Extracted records
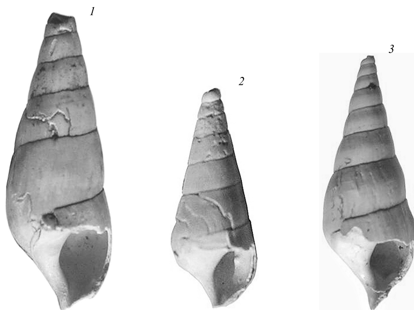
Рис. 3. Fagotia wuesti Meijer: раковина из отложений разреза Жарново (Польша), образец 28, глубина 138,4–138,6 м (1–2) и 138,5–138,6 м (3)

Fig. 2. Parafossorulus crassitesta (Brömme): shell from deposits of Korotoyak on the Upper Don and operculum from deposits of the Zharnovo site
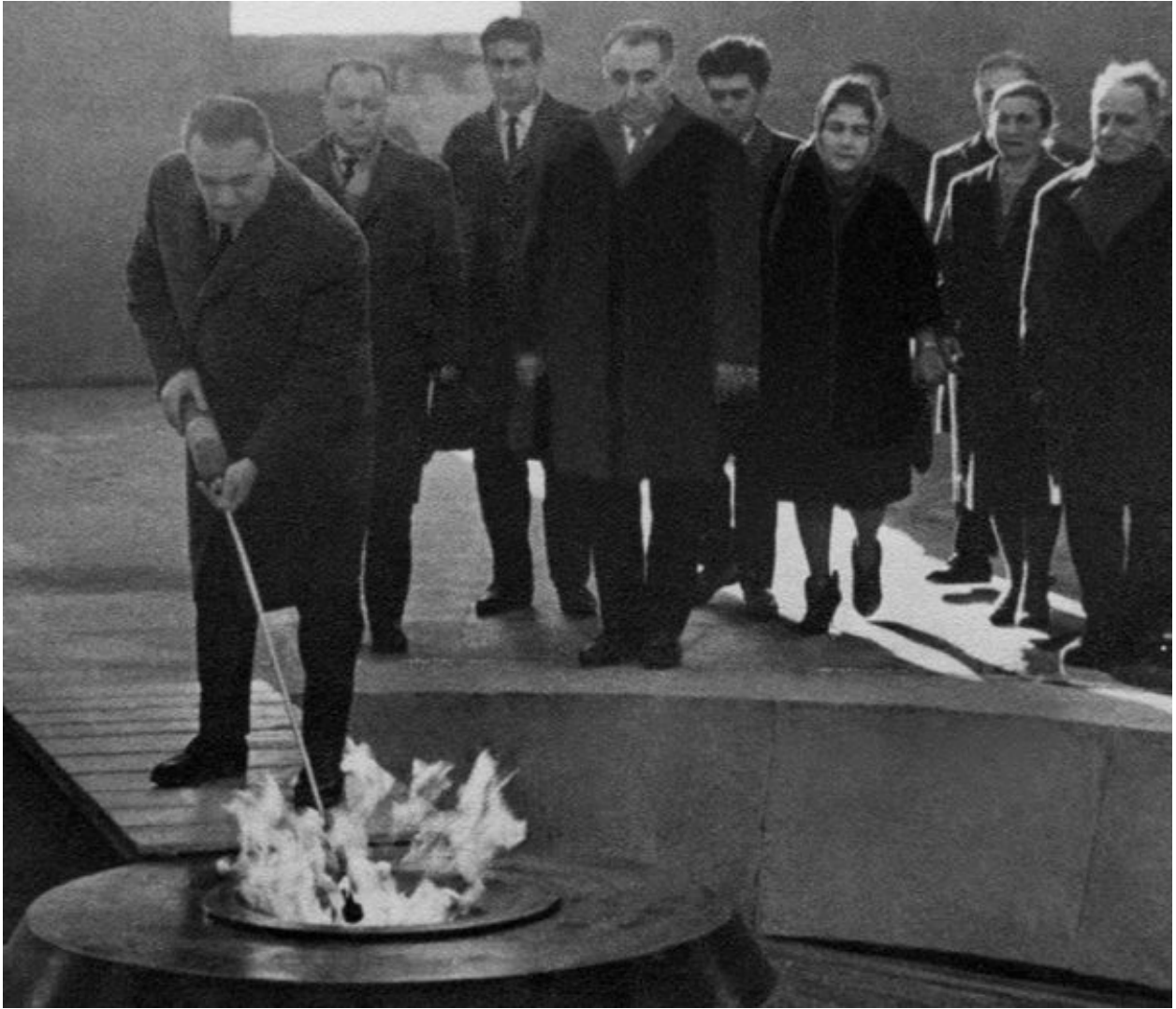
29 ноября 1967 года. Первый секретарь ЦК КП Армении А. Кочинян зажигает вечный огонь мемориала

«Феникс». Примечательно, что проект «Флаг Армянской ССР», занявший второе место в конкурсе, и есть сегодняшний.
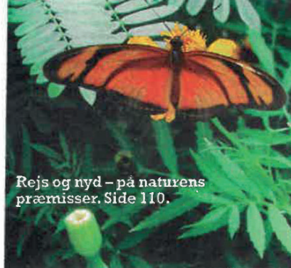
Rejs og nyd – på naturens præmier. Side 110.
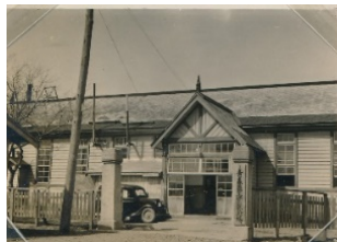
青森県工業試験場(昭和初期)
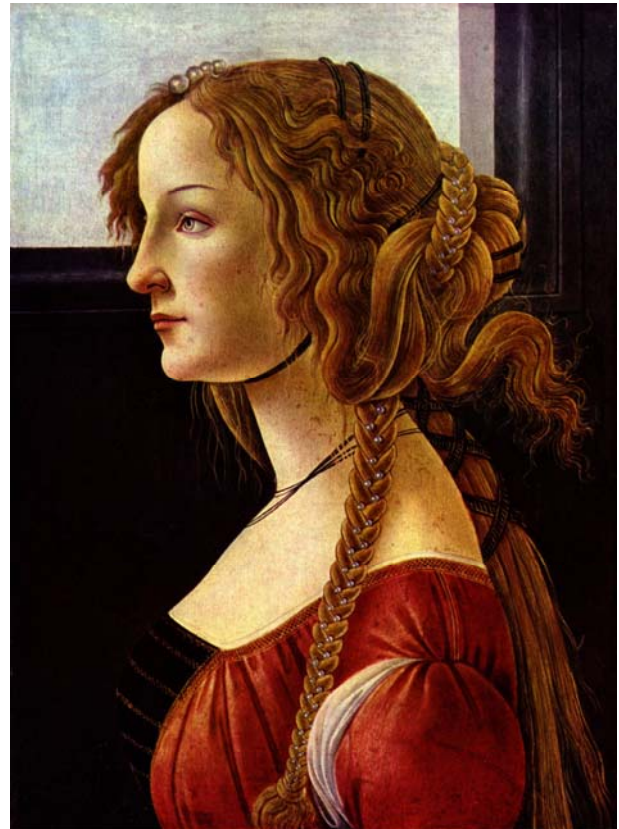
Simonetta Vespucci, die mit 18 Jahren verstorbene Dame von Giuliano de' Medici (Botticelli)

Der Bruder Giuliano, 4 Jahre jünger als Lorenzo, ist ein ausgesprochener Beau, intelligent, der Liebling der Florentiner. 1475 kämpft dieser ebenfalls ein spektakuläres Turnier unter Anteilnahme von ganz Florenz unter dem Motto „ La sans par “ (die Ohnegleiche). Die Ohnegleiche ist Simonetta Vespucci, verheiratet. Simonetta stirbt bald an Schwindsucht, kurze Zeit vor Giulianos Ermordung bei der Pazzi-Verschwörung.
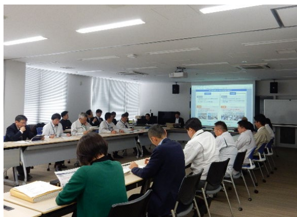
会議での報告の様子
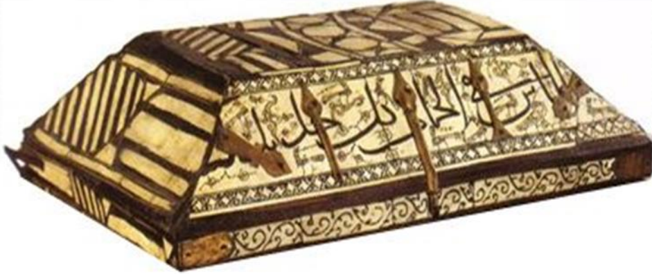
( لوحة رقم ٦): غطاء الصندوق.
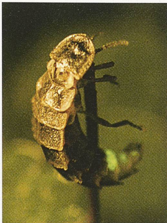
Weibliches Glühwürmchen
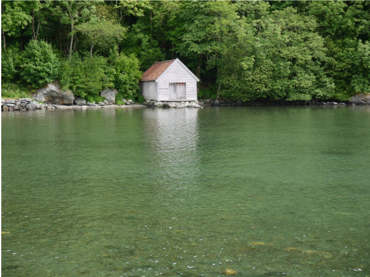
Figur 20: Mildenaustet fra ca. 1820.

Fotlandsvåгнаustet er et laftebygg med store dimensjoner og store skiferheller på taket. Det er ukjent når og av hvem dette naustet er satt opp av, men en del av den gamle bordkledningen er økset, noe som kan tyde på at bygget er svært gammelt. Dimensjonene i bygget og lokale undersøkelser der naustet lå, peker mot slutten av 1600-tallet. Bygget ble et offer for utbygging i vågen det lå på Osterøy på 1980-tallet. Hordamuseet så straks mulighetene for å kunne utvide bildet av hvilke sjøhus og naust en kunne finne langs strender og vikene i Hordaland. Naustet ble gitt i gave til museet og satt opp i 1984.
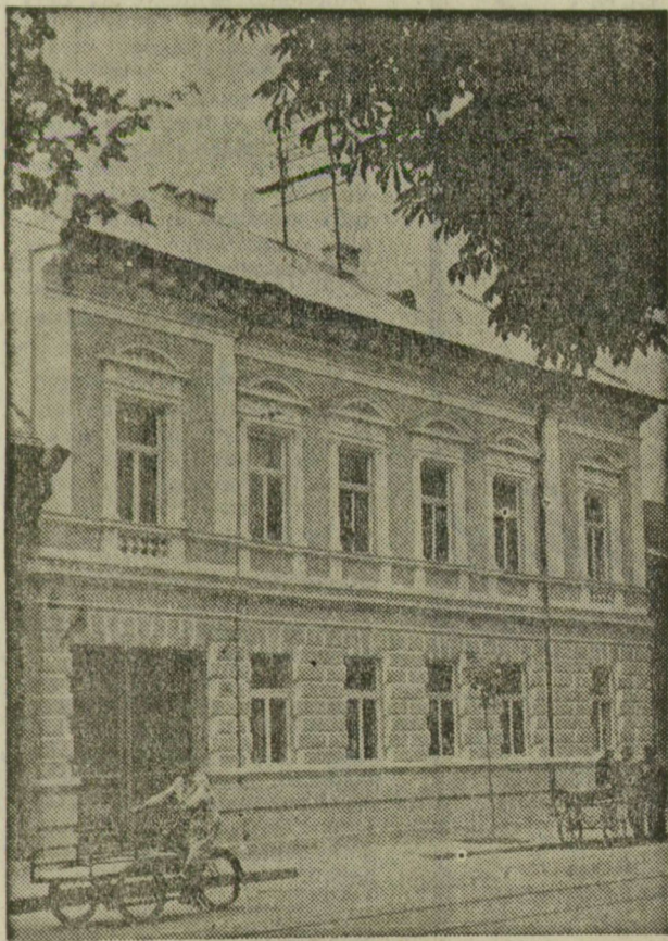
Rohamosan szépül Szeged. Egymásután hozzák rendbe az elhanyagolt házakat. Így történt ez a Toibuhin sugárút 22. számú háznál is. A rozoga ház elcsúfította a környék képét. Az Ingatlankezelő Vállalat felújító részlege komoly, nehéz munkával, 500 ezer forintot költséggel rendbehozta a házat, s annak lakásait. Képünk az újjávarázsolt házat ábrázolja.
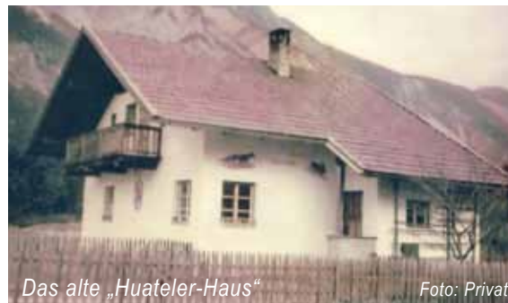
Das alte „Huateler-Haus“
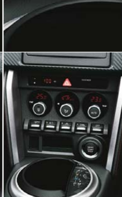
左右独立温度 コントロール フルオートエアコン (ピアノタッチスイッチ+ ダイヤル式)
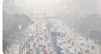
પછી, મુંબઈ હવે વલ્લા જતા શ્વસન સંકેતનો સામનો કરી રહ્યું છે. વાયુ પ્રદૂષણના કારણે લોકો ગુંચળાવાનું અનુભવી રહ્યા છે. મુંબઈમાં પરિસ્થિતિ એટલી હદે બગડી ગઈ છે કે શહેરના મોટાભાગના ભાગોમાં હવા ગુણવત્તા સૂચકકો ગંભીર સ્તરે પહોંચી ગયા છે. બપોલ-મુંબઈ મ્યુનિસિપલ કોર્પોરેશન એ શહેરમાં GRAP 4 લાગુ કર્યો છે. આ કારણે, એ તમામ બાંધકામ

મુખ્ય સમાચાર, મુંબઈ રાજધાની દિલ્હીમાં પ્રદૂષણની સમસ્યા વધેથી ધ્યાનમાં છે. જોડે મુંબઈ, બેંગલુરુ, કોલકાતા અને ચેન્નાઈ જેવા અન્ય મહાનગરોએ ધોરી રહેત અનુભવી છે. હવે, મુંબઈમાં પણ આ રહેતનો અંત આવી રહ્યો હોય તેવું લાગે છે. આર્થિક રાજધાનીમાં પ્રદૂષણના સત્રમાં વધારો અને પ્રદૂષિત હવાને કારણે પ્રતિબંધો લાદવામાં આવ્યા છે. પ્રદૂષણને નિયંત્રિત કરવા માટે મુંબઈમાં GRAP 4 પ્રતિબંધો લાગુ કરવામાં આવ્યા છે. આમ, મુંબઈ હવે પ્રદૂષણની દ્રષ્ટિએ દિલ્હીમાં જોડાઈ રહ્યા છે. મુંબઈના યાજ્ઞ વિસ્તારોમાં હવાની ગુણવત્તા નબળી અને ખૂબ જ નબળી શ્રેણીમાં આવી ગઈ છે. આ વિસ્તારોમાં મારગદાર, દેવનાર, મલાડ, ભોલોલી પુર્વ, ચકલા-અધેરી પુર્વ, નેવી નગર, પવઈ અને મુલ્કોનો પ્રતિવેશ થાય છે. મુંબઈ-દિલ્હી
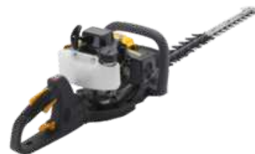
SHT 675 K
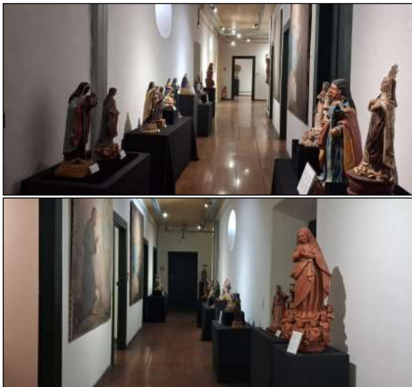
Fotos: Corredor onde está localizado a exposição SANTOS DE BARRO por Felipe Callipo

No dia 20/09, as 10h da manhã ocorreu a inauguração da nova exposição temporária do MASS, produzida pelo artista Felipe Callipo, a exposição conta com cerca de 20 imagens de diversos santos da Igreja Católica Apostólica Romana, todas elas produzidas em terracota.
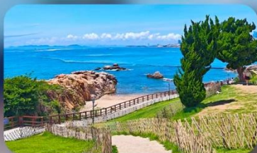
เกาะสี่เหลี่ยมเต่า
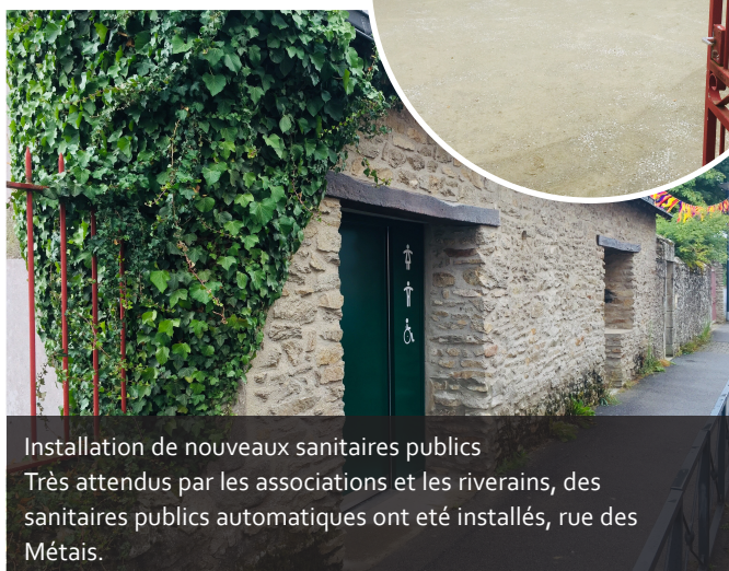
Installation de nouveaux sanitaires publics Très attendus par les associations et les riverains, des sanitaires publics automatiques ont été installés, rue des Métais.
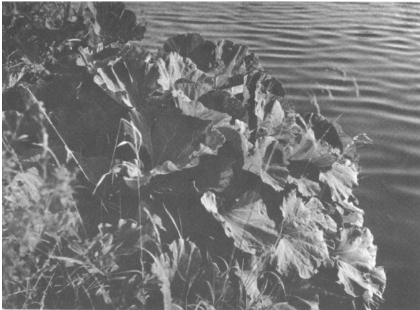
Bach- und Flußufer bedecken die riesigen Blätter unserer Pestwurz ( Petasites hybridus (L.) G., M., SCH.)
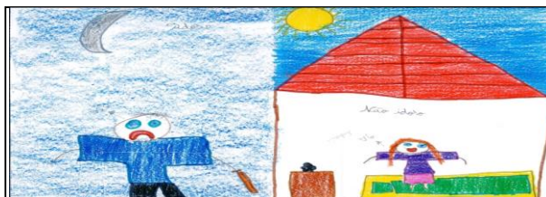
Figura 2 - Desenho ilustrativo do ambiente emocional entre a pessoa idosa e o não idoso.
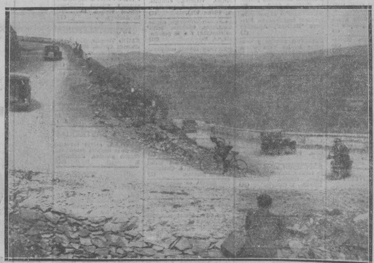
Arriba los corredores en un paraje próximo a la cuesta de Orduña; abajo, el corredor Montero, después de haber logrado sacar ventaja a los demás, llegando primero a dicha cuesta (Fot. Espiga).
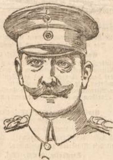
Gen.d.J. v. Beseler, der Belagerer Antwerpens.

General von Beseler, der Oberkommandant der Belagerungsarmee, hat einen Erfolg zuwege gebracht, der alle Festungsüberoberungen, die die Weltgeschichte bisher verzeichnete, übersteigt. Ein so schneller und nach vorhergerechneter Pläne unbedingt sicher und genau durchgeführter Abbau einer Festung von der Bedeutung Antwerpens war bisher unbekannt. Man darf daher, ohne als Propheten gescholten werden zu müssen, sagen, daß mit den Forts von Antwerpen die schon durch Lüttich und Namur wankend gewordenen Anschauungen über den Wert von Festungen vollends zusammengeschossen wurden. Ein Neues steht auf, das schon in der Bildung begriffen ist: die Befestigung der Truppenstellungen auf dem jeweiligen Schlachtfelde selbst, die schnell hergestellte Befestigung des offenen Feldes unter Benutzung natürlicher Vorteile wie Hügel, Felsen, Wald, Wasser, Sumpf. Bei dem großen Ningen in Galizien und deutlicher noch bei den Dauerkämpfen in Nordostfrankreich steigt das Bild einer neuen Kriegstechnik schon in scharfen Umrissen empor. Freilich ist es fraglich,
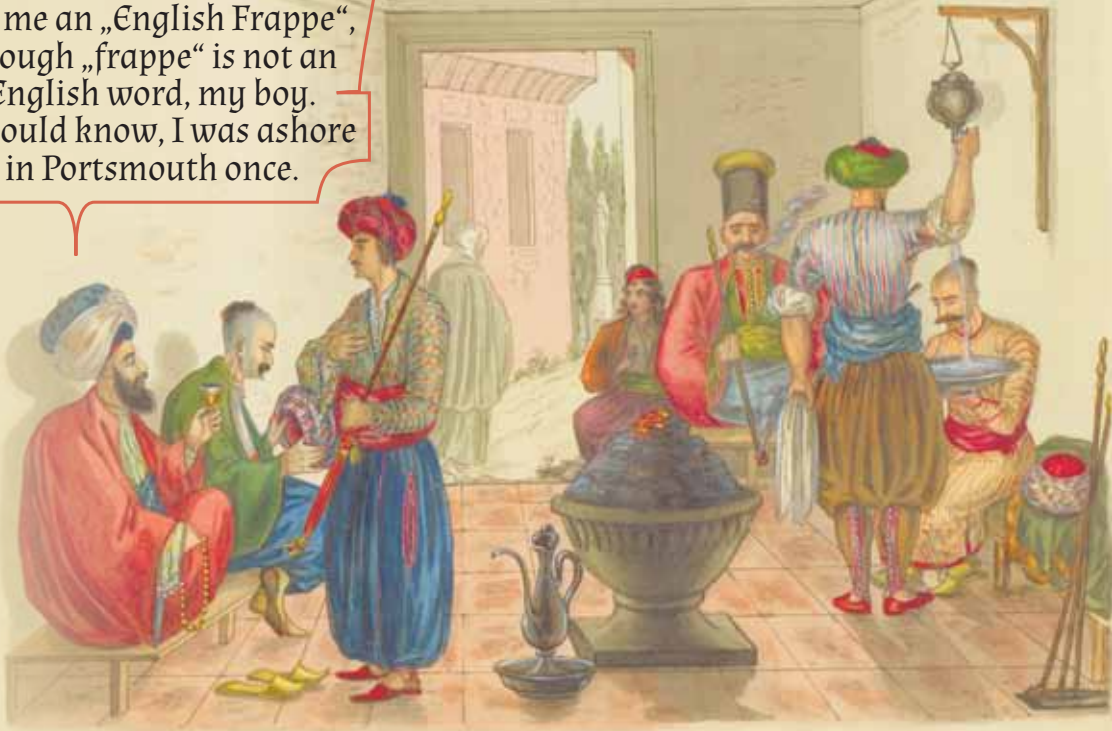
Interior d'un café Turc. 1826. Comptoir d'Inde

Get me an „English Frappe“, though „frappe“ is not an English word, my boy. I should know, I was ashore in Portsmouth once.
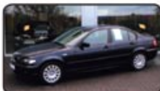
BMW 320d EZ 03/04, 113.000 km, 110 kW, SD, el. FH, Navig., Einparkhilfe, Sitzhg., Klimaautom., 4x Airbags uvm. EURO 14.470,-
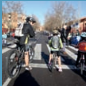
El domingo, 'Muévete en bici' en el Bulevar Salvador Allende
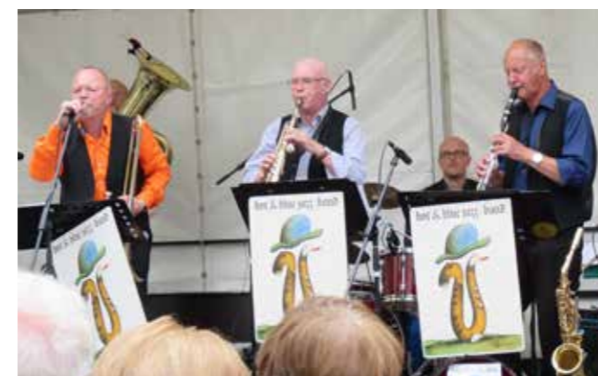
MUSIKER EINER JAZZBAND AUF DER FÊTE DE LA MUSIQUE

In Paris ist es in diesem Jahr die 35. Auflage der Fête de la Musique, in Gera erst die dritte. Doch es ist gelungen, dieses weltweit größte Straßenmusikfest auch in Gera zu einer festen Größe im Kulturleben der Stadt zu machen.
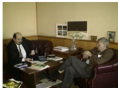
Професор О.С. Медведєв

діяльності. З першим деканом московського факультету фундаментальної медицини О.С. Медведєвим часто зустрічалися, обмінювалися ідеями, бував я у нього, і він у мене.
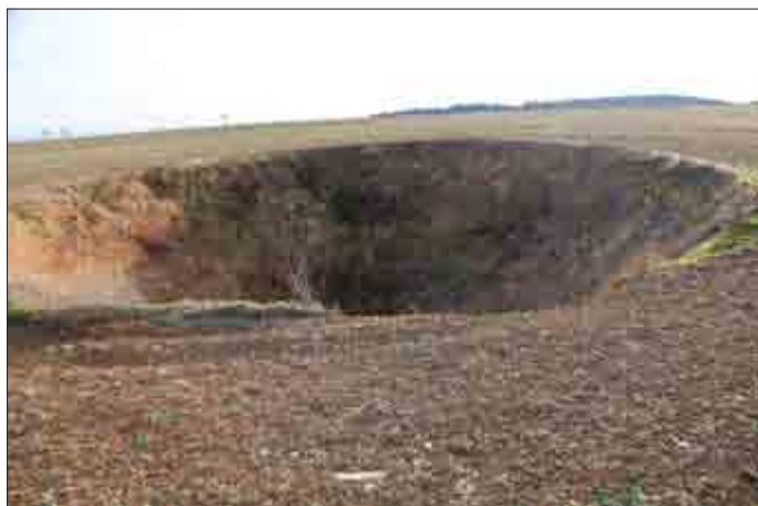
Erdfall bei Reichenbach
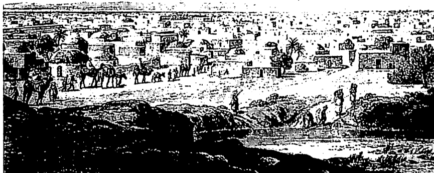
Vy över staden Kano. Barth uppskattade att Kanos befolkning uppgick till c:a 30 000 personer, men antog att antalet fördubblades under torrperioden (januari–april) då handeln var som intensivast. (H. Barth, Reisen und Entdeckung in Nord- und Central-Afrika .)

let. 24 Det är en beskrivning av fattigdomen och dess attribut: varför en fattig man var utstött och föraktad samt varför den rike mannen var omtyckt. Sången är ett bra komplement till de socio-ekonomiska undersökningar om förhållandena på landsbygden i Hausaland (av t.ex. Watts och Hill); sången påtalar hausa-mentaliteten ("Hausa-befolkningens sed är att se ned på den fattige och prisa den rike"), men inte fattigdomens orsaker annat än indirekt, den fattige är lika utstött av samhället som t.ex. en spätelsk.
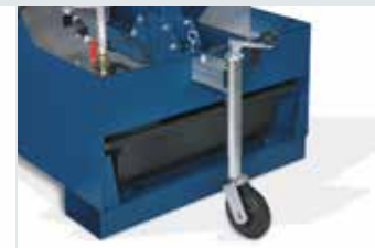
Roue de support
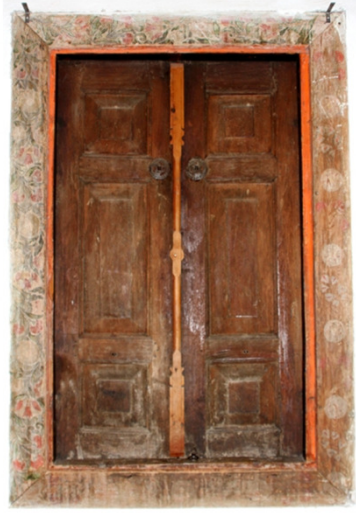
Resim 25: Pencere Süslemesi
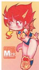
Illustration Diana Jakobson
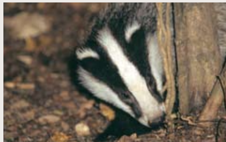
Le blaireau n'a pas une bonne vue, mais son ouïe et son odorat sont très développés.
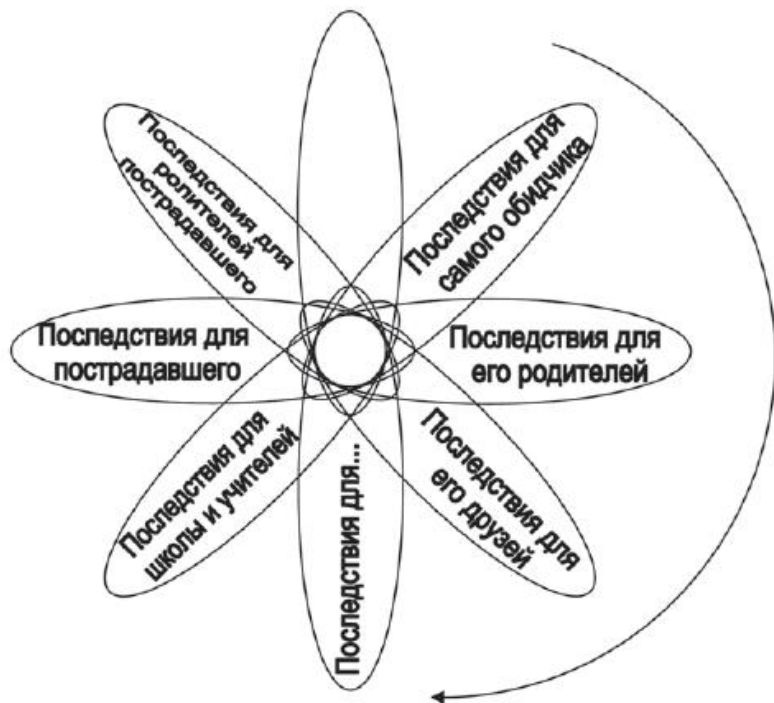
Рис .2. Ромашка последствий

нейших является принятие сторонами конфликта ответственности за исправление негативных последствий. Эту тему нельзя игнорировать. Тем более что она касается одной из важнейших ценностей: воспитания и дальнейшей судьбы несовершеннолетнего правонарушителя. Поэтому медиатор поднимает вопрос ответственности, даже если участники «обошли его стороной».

▸ **WHAT YOU HAVE TO DO**
Each line from the start of the entries to the line holding "и есть сегодняшний." is to be given again exactly, both ends included, and each picture is to be left out.

▸ **REPLY TO THE EXERCISE**
Рис. 3. Fagotia wuesti Meijer: раковина из отложений разреза Жарново (Польша), образец 28, глубина 138,4–138,6 м (1–2) и 138,5–138,6 м (3)

Fig. 2. Parafossorulus crassitesta (Brömme): shell from deposits of Korotoyak on the Upper Don and operculum from deposits of the Zharnovo site
29 ноября 1967 года. Первый секретарь ЦК КП Армении А. Кочинян зажигает вечный огонь мемориала

«Феникс». Примечательно, что проект «Флаг Армянской ССР», занявший второе место в конкурсе, и есть сегодняшний.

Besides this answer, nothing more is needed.